The lines below must be transcribed exactly as given, with the images removed.

* **Data section**
------------

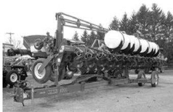
Kinze 3600, 16R, liq.
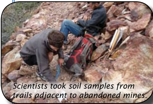
Scientists took soil samples from trails adjacent to abandoned mines.
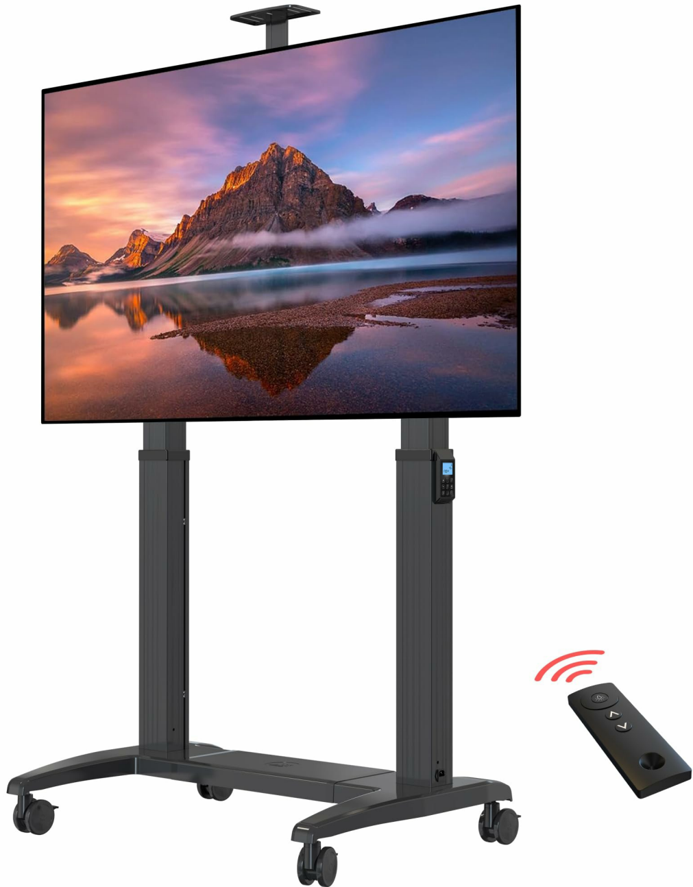
Image 1.1: NB ERGONOMIC A80 Motorized Mobile TV Cart with a large TV screen, showcasing its wide TV compatibility, load capacity, and VESA mounting options.

------------

* **Answer for this exercise**
Kinze 3600, 16R, liq.
Scientists took soil samples from trails adjacent to abandoned mines.
Image 1.1: NB ERGONOMIC A80 Motorized Mobile TV Cart with a large TV screen, showcasing its wide TV compatibility, load capacity, and VESA mounting options.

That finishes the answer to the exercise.